Cally Ruahe, Kali’s ex-wife and mother of his five children, of whom four were present in court, read out the children’s victim report. The family were wearing matching t-shirts in memory of their father’s name.

The prosecutor read out the victim statement from Kali’s current wife Audra Watts Fungavaka, who was not present.

Cally told the court that on August 23, 2012 she and her children arrived in Tonga to be by their father’s side at Vaiola Hospital and nothing prepared them for the moment they saw Kali in his condition.

She said the children did not even have the opportunity to have one last night by their father’s side, instead his life was ripped from them forever.

“My children have endured many sleepless nights weeping for their father with so many questions running through their young minds – who could do such violent act to such a loving and humble man.

“ I have two sons with special needs, one is autistic and the other with preventive delayed disorder. Their minds still to this day could not comprehend why their father is no longer here on this earth,” she said.

“My son constantly tells me that his father was killed by policemen. For the last two years I am awakened every night by my daughter’s crying and I sleep by her side until she falls asleep.

“They say time heals all wounds but after my experience with my children who are still mourning the loss of their father I have come to the conclusion that it would take a lifetime for my children’s wounds to heal.”

She said her children had to take up counselling to try help them through their pain of loosing their idol, a man they looked up to and loved.

“Kali loved his children more than anything on this earth and now he could never see them graduate from school or celebrate their birthdays.

“Your thoughtless actions were inhumane and has affected my life and my children’s life forever. My children will forever live with the fact that their father was brutally beaten by men of authority,” she told the court.

“You have robbed my children of continuing life without the protection of their father.”

The court then heard Kali’s current wife Audra Watts’ impact statement which was read out by the crown prosecutor.

Audra recalled the start of the worst experience of her life when she waited at the Auckland airport for her husband to return only to find out he was in Vaiola Hospital in Tonga.

“Imagine how helpless I felt being in another a country while my husband was lying in a hospital bed because police had put him there,” she said.

She said that on seeing the bruises and his body on life support she wailed.

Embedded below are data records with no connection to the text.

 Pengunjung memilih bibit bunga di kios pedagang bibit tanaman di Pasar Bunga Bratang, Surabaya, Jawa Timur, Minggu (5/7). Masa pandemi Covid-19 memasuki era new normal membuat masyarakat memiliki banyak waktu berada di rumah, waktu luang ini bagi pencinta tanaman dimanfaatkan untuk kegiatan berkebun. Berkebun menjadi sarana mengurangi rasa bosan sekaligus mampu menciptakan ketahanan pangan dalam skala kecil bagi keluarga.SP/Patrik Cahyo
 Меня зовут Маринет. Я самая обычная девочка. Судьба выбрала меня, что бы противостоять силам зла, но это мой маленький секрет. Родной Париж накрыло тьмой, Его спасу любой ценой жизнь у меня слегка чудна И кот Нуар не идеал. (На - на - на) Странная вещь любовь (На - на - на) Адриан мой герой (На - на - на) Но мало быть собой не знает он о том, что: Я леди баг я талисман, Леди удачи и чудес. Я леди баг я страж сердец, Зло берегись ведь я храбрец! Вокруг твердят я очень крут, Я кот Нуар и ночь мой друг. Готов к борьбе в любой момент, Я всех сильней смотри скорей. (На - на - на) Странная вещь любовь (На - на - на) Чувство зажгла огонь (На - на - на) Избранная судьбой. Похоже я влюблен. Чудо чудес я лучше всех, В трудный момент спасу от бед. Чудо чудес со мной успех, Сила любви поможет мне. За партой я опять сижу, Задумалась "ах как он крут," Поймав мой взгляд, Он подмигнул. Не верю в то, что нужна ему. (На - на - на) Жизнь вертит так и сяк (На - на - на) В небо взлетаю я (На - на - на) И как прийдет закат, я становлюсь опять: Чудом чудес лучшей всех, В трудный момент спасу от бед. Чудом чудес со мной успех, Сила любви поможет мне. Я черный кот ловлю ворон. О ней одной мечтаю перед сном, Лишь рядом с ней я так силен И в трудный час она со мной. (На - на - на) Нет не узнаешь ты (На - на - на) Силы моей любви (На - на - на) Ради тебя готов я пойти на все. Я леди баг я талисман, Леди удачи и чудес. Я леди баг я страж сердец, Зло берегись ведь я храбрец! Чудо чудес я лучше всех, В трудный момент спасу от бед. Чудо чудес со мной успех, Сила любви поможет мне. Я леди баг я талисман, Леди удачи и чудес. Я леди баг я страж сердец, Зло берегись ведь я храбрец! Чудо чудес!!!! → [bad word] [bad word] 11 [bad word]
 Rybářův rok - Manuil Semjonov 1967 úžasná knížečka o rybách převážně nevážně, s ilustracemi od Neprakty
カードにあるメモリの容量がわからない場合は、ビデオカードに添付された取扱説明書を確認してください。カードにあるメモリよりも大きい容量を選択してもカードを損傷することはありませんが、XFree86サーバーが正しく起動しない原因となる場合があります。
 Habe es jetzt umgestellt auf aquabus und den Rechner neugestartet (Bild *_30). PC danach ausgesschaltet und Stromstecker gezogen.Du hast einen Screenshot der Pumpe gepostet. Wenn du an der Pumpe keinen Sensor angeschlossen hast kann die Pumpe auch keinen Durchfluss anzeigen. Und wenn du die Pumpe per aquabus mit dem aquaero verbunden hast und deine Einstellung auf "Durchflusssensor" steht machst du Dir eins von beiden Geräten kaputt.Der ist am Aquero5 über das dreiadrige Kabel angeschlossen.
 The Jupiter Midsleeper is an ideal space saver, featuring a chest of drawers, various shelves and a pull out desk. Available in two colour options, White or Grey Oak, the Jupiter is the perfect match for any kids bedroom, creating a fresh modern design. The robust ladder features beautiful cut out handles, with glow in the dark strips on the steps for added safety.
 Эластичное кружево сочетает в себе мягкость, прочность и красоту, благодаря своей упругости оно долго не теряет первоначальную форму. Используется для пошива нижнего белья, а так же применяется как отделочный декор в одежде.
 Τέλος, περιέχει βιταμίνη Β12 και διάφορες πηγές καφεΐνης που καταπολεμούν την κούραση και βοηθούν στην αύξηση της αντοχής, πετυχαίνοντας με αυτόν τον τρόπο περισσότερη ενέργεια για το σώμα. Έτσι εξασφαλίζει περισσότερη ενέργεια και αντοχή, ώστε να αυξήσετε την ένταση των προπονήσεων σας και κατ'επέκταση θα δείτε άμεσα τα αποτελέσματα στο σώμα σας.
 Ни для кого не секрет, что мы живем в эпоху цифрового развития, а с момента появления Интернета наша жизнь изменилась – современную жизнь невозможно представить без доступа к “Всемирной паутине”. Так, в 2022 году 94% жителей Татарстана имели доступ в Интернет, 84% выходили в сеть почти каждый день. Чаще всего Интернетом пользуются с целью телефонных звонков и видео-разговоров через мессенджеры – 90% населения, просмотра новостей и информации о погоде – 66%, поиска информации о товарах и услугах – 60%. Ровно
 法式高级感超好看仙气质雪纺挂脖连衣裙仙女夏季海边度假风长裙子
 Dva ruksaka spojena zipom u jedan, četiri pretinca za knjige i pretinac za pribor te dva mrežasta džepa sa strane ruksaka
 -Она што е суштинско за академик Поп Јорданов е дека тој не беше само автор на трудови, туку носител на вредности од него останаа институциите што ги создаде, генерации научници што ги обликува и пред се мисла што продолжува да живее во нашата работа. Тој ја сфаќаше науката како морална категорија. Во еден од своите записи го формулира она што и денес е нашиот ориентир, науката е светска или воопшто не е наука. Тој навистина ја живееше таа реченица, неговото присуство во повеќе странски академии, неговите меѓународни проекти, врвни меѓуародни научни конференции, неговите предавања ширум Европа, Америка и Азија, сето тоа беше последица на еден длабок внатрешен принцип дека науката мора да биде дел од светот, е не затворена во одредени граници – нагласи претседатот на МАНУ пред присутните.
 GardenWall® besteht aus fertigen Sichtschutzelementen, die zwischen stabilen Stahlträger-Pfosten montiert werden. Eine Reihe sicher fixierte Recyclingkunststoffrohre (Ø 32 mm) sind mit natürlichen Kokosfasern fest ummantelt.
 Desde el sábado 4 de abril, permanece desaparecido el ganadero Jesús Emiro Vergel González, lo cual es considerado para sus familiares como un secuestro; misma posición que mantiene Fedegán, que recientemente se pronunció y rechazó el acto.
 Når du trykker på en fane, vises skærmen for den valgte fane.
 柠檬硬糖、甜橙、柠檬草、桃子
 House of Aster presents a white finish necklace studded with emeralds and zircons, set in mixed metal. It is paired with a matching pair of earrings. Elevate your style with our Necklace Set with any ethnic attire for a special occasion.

She hoped and prayed that her husband would pull through as he was a strong fit and healthy man with a huge heart, but she saw he was not improving.

Watts, who is also a police officer, said she asked family to get his children to Tonga because he was a devoted dad who loved them immensely, but Kali died not longer after.

She said the worst day of her life was the day she had to bury her husband who was a son, a devoted father, a brother, a cousin, a friend, a leader, mentor, sportsman and a fellow police officer.

“The worst day of my life was burying the man I love – my husband and my best friend.

“I stayed out of the media since Kali was buried almost two-years ago because I had nothing good to say about what happened. I can speak of how much I loathe the men who took my husband’s life but what would that accomplish?” she said.

She found it hard to understand how could someone, who was standing on the side of the road waiting for a sober driver to pick them up, deserve to be arrested.

“Kali was not fighting in the street, he was with a family member waiting for a ride home.

“There is no way in our eyes as policemen that this warranted an arrest. That is why I know Kali questioned and argued with the Tongan police.

“I hated the fact that during the trial I heard numerous times of Kali asking them what he had done wrong. They used their fists to shut him up.”

The crown prosecutor submitted to the judge a starting point to consider for his sentencing of Hala’ufia to be 10-12 years imprisonment.

For Maile a starting point of 8-10 years imprisonment, and for Faletau starting point of 8-9 months. Hala’ufia and Maile were remanded in custody for sentencing, while Faletau is on bail.